I really like watches! That’s one of the reasons I accepted your invitation. I’m very happy to come up to the Vallée de Joux and visit your Manufacture. It’s an opportunity to visit Jura, to discover this environment that’s a little out of time, to discuss watchmaking and mechanics.
We will also be able to discuss our common passion for astronomical phenomena and other celestial wonders that the universe holds… So yes, I’m pleased and touched to have been contacted by Jaeger-LeCoultre. If I had to choose one watch? I’ll wait for you to let me discover them. Of course, I like your world famous Reverso very much, but I’m looking forward to see the others.
Do you have any passions outside Astrophysics?
I have too many! Unfortunately, I don’t have the time to devote to them. I like to be outside a lot, to go for walks. It’s a great pleasure to be able to take time for myself. I also enjoy gardening and DIY a lot. I like to do DIY, it’s an activity that takes my mind off things.
A few years ago, I used to fly planes. Unfortunately, I don’t have time to do that anymore and I would really like to start doing this again because it’s an activity I really enjoy. Flying gives me a feeling that I find absolutely extraordinary.
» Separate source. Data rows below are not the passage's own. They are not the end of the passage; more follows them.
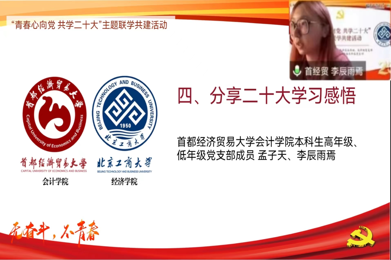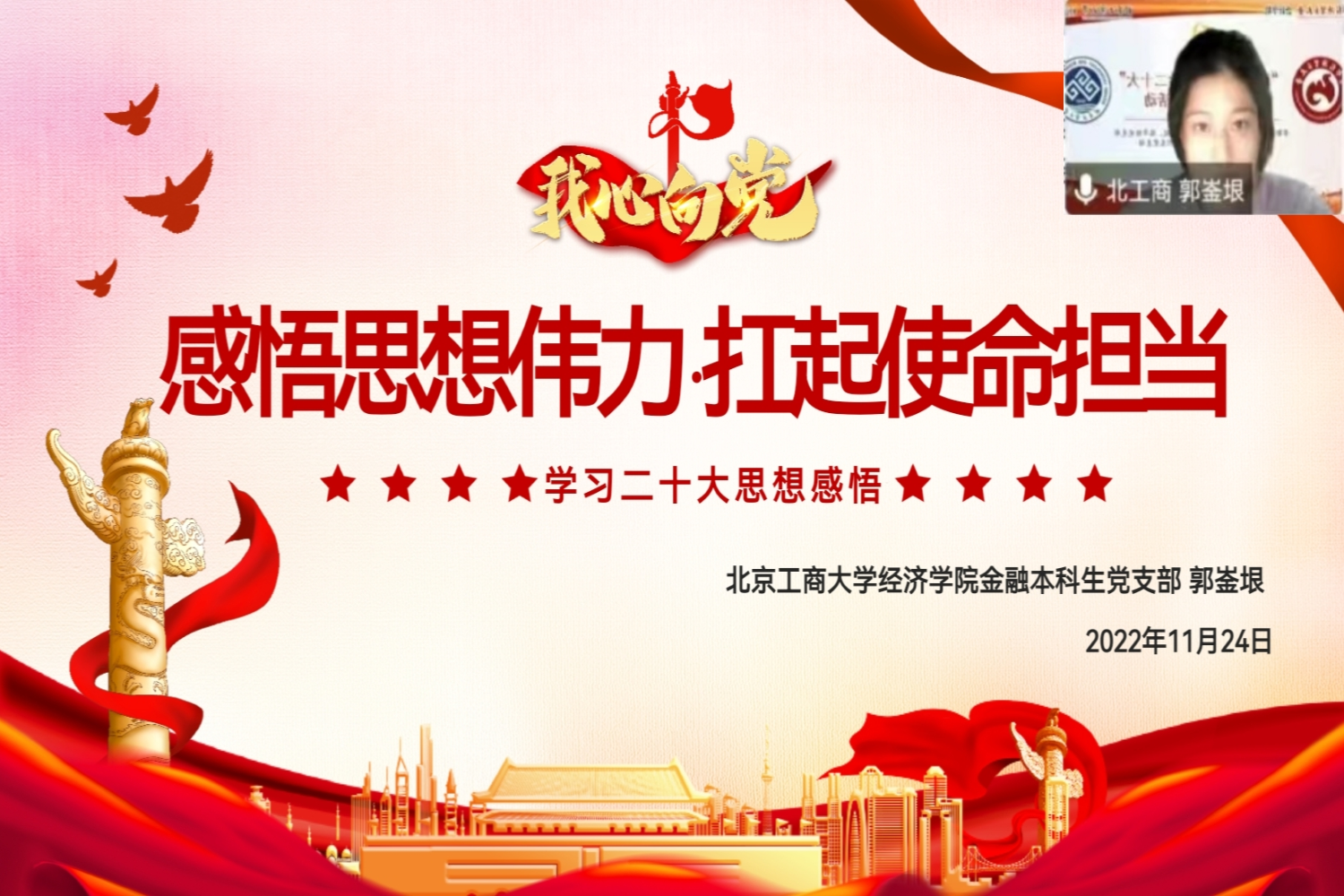 首都經濟貿易大學會計學院孟子天、李辰雨焉、北京工商大學經濟學院郭崟垠分別代表各支部分享了二十大學習的感悟。孟子天表示,我們青年一代應該矢志不渝跟黨走,不忘初心、牢記使命、謙虛謹慎、艱苦奮斗,在新時代的長征路上勇毅前行。李辰雨焉表示,青年人應當把學習作為首要任務,不僅要學習黨章黨史,還要學習專業知識。郭崟垠則表示,黨的二十大是一次十分重要的大會,總結了十年來的成就和經驗,要切實學懂弄通習近平新時代中國特色社會主義思想,擔當起譜寫馬克思主義中國化時代化新篇章的莊嚴歷史使命。
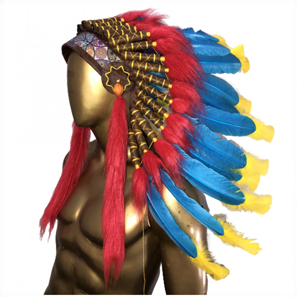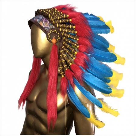 Penacho índio Americano Pequeno Bicolor Azul e Amarelo
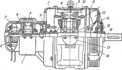 1 — станина збудника, 2 — колектор збудника, 3 — підшипниковий щит збудника, 4 — якір збудника, 5 — полюс збудника з обмоткою, 6 — шарикопідшипник, 7 — передній підшипниковий щит синхронної машини, 8 — станина синхронної машини, 9 — сердечник статора машини, 10 — обмотка статора машини, // — задній підшипниковий щит, 12 — полюс ротора з обмоткою, 13 — вентилятор, 14 — втулка, 15 — роликовий підшипник, 16 — вал ротора, 17 — коробка вивідних затисків, 18 — сітка на вентиляційному вікні підшипникового щита гвинта,
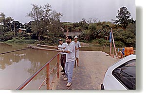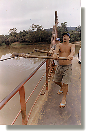 presença de veículos, os passageiros sao levados de barco até a margem oposta por
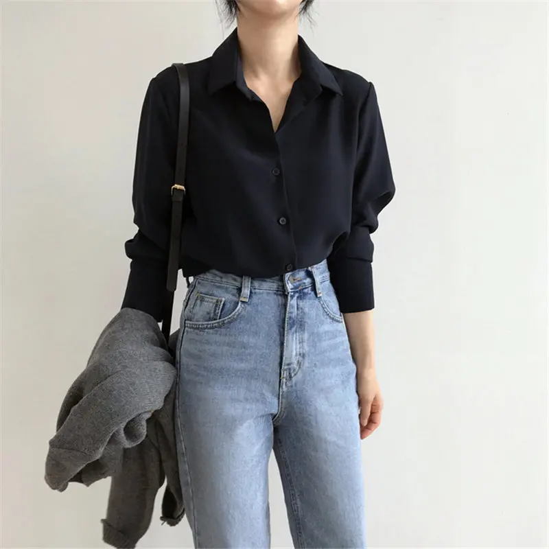 HziriP 2020 Новая женская рубашка классические базовые блузки Топы женские свободные повседневные рубашки с длинным рукавом OL стильная женская ...

Like all good Swiss people, I also love to ski in the winter. I belong to the generation that was able to come home at noon and have lunch in front of the TV to watch the World Cup runs (laughs).
I was really immersed and grew up in this world of mountains, snow and skiing. I was a member of a ski club, a ski teacher… So it’s an activity that I really enjoy and that I do every winter. Unfortunately, not as much as I would like, but as often as possible. And I love the sun and sea any time of the year.